Assume data is in a dataframe where each row is an individual data point.

library(mirt)
Loading required package: stats4
Loading required package: lattice
everest_expand <- expand.table(everest)

Tests

First, let’s ask if the same amount of people used or did not use oxygen. WE can use the table command to summarize. Note the chisq.test, by default, assumes each group is equally likely!

table(everest_expand$Oxygen)

Not used     Used 
      96     1077 
chisq.test(table(everest_expand$Oxygen)) 

    Chi-squared test for given probabilities

data:  table(everest_expand$Oxygen)
X-squared = 820.43, df = 1, p-value < 2.2e-16

Dong this with summarized data is actually harder

aggregate(Number~Oxygen, everest, sum)$Number
[1]   96 1077
chisq.test(aggregate(Number~Oxygen, everest, sum)$Number) 

    Chi-squared test for given probabilities

data:  aggregate(Number ~ Oxygen, everest, sum)$Number
X-squared = 820.43, df = 1, p-value < 2.2e-16

But this is better!

binom.test(table(everest_expand$Oxygen))

    Exact binomial test

data:  table(everest_expand$Oxygen)
number of successes = 96, number of trials = 1173, p-value < 2.2e-16
alternative hypothesis: true probability of success is not equal to 0.5
95 percent confidence interval:
 0.06679216 0.09902483
sample estimates:
probability of success 
            0.08184143 

What if we wanted to compare to past years where 10% of climbers did not use oxygen? Note table function splits into alphabetical order.

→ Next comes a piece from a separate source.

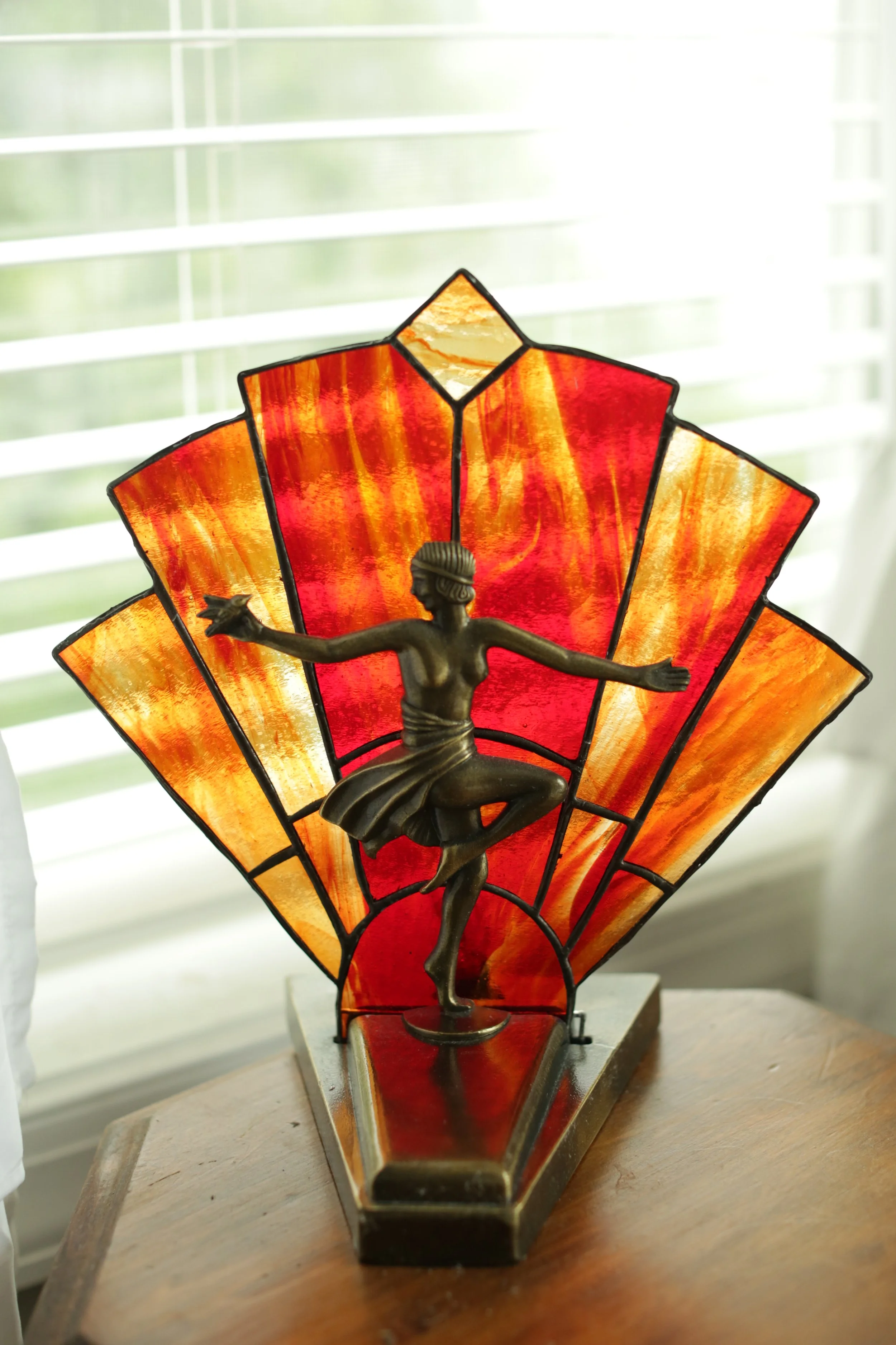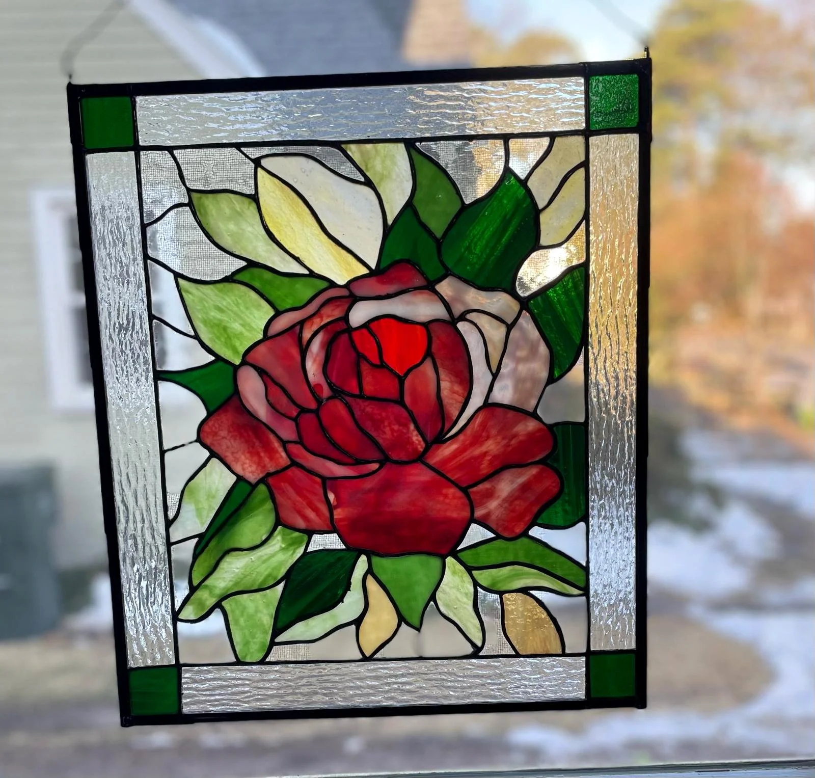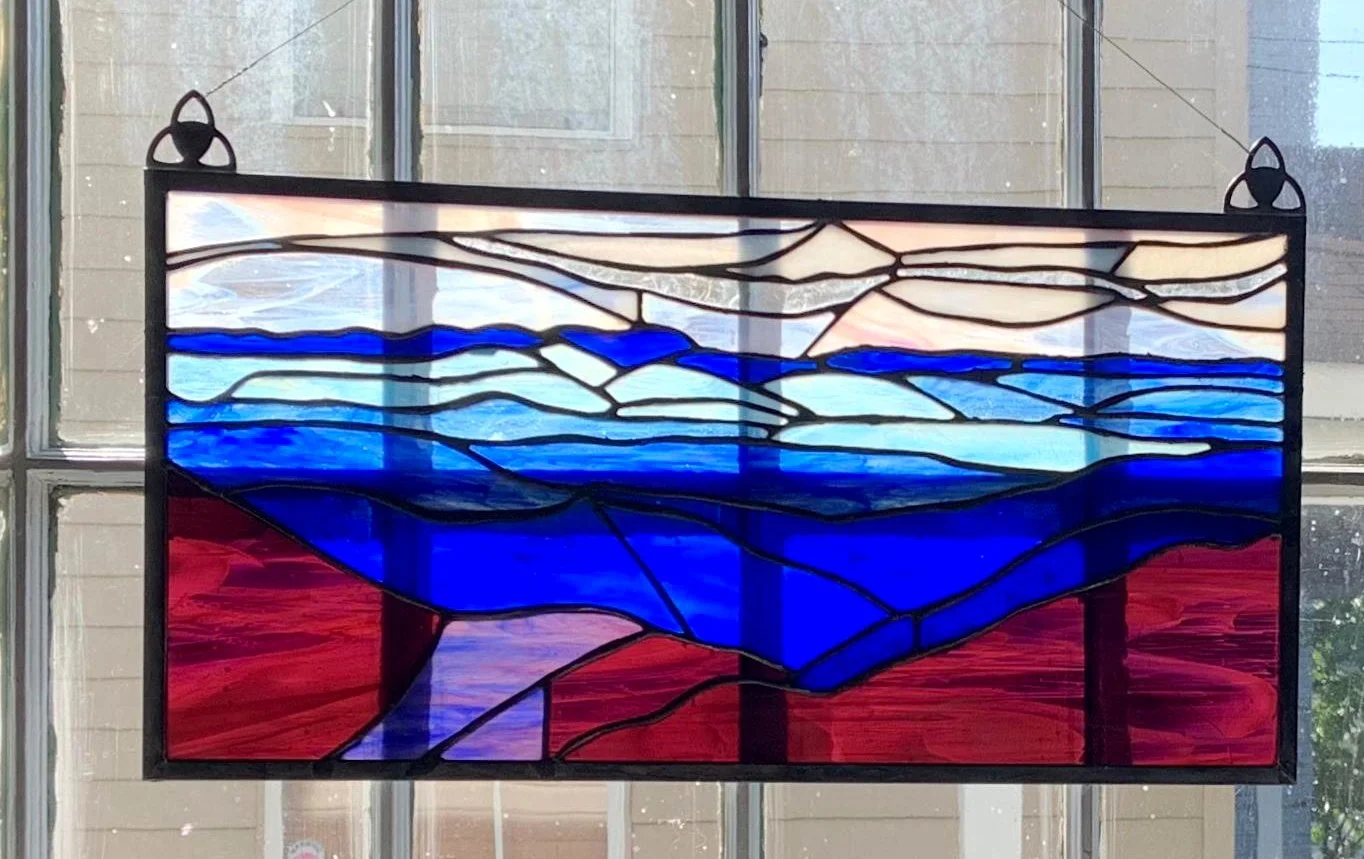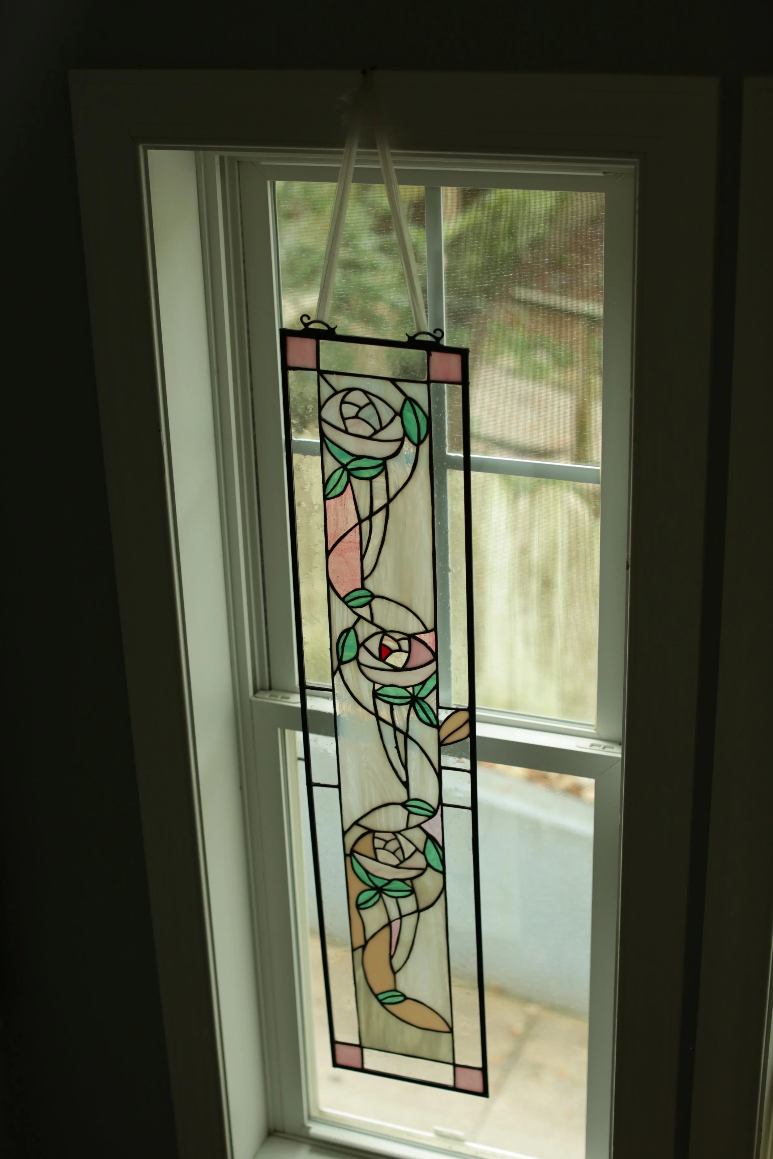 A beautifully crafted stained glass panel of a baby elephant, rendered in soft, natural tones. The elephant is made of light beige and cream opalescent glass, giving it a warm, glowing effect as light passes through. Its large ears and gentle expres View fullsize

binom.test(table(everest_expand$Oxygen), p=.1)

    Exact binomial test

data:  table(everest_expand$Oxygen)
number of successes = 96, number of trials = 1173, p-value = 0.04075
alternative hypothesis: true probability of success is not equal to 0.1
95 percent confidence interval:
 0.06679216 0.09902483
sample estimates:
probability of success 
            0.08184143 

What if we want to determine if using oxygen impacts surival?

chisq.test(table(everest_expand$Oxygen, everest_expand$Survived))
Warning in chisq.test(table(everest_expand$Oxygen, everest_expand$Survived)):
Chi-squared approximation may be incorrect

    Pearson's Chi-squared test with Yates' continuity correction

data:  table(everest_expand$Oxygen, everest_expand$Survived)
X-squared = 6.1524, df = 1, p-value = 0.01312

Issue (which we’ll address), but note same as

chisq.test(table(everest_expand$Survived, everest_expand$Oxygen))
Warning in chisq.test(table(everest_expand$Survived, everest_expand$Oxygen)):
Chi-squared approximation may be incorrect

    Pearson's Chi-squared test with Yates' continuity correction

data:  table(everest_expand$Survived, everest_expand$Oxygen)
X-squared = 6.1524, df = 1, p-value = 0.01312
chisq.test(x = matrix(c(1045, 88, 32, 8), 2, 2, byrow = T))
Warning in chisq.test(x = matrix(c(1045, 88, 32, 8), 2, 2, byrow = T)):
Chi-squared approximation may be incorrect

    Pearson's Chi-squared test with Yates' continuity correction

data:  matrix(c(1045, 88, 32, 8), 2, 2, byrow = T)
X-squared = 6.1524, df = 1, p-value = 0.01312
chisq.test(x = matrix(c(1045, 32, 88,  8), 2, 2, byrow = T))
Warning in chisq.test(x = matrix(c(1045, 32, 88, 8), 2, 2, byrow = T)):
Chi-squared approximation may be incorrect

    Pearson's Chi-squared test with Yates' continuity correction

data:  matrix(c(1045, 32, 88, 8), 2, 2, byrow = T)
X-squared = 6.1524, df = 1, p-value = 0.01312

Key is first argument must be all the info. This is different from (incorrect) approach like

chisq.test(everest$Survived,everest$Oxygen)
Warning in chisq.test(everest$Survived, everest$Oxygen): Chi-squared
approximation may be incorrect

    Pearson's Chi-squared test

data:  everest$Survived and everest$Oxygen
X-squared = 0, df = 1, p-value = 1

This is comparing split among Survived and not to split (expected) using Oxygen!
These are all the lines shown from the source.